Paper Ingestion¶

Quick Ingest¶

Place PDFs in data/inbox/ and run the pipeline:

scholaraio pipeline ingest

This will:

Convert PDFs to Markdown (MinerU first, then Docling / PyMuPDF fallback when needed)
Extract metadata (regex + LLM)
Query APIs for completeness (Crossref, Semantic Scholar, OpenAlex)
Deduplicate by DOI
Move to data/papers/ and update indexes

If translate.auto_translate: true is enabled in config, the pipeline will also auto-inject the translate step for newly ingested papers before embed/index. It does not retroactively translate the whole library.

Five Inboxes¶

Inbox	Path	Behavior
Papers	`data/inbox/`	Standard pipeline with DOI dedup
Proceedings	`data/inbox-proceedings/`	Two-stage proceedings pipeline; first ingest creates `data/proceedings/<Volume>/` with `proceeding.md` + `split_candidates.json` and marks `split_status=pending_review`
Theses	`data/inbox-thesis/`	Skips DOI check, marks as thesis
Patents	`data/inbox-patent/`	Extracts publication number and deduplicates as patent
Documents	`data/inbox-doc/`	Skips DOI check, LLM-generated title/abstract

Proceedings are only routed from the dedicated data/inbox-proceedings/ path. Regular data/inbox/ items always stay on the normal paper/document flow unless you move them into the proceedings inbox explicitly. Child papers are written under data/proceedings/<Volume>/papers/ only after you review the split and run scholaraio proceedings apply-split.

Proceedings Search¶

Proceedings child papers are not included in default main-library search.

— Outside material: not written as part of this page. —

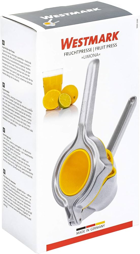 Le lamelle sulla cupola sono robuste e ben definite per penetrare nella buccia della frutta quando si chiude il manico a pinza, estraendo un succo particolarmente ricco di vitamine. Strizza Insalata Westmark Spremiagrumi, Alluminio Con Rivestimento Adatto All Alimentare Plas 395846449005 Spremi Limone Vantaggi: Spremute facili e veloci Infatti il nostro motto è: Westmark - Rendilo più semplice! IN STOCK: Westmark - Spremiagrumi, colore: Argento, 4004094500060 al miglior prezzo. Consegna rapida in tutta Italia Spremiagrumi per preparare spremute e succhi di limone, arancia e pompelmo (di piccole dimensioni) Questo prodotto Westmark vi aiuta a preparare cibi sani per una dieta ricca di vitamine. Spremute rapide e facili Spremiagrumi Limona Con lo spremiagrumi Limona potrete preparare deliziose spremute e succhi di limoni, arance e piccoli pompelmi in modo semplice e veloce. Facile da utilizzare, Per frutta non trattata, Facili spremute grazie al manico a pinza Facile da pulire Per questo prodotto Westmark si raccomanda il lavaggio a mano. Affidabili utensili da cucina Made in Germany Le parole spremere + denocciolare ci sono famigliari. Per tale ragione, si consiglia l'utilizzo di frutta non trattata. Da decenni produciamo utensili da cucina che offrono una funzionalità a lunga durata e sono apprezzati sia dagli amateur che nelle cucine professionali. Made in Germany Siamo nel mercato della manifattura di prodotti per la casa e la cucina dal 1956! Questo prodotto è uno di questi. Made in Germany: Facile da lavare a mano, Non lavabile in lavastoviglie Contiene: 1x Westmark Spremiagrumi, Con confezione, Dimensioni: 23,7 x 11,6 x 6,9 cm, Materiale: Alluminio con rivestimento adatto all'uso alimentare/Plastica (PP), Senza BPA, 50002260

Use federated search when you want them:

scholaraio fsearch granular damping --scope proceedings

ScholarAIO prefers MinerU when available, but the live ingest path does not depend on MinerU alone. If MinerU is unavailable or fails, the fallback parser chain is Docling -> PyMuPDF.

Skip PDF Parsing¶

Already have Markdown? Place .md files directly in the inbox — PDF parsing is skipped entirely.

Pending Papers¶

Papers without DOI (that aren't theses) go to data/pending/ for manual review. Add a DOI and re-run the pipeline to complete ingestion.

External Import¶

# From Endnote
scholaraio import-endnote library.xml

# From Zotero
scholaraio import-zotero --api-key KEY --library-id ID

Metadata Maintenance¶

After papers are already in data/papers/, the metadata subpackage also powers two maintenance flows:

# Backfill missing abstracts from paper.md, with optional DOI-page fetch
scholaraio backfill-abstract
scholaraio backfill-abstract --doi-fetch

# Re-fetch citation counts and bibliographic details from APIs
scholaraio refetch --all
scholaraio refetch "<paper-id>"

backfill-abstract fills missing abstracts from local Markdown, and can prefer official publisher abstracts when --doi-fetch is enabled.
refetch re-runs Crossref / Semantic Scholar / OpenAlex enrichment for already ingested papers.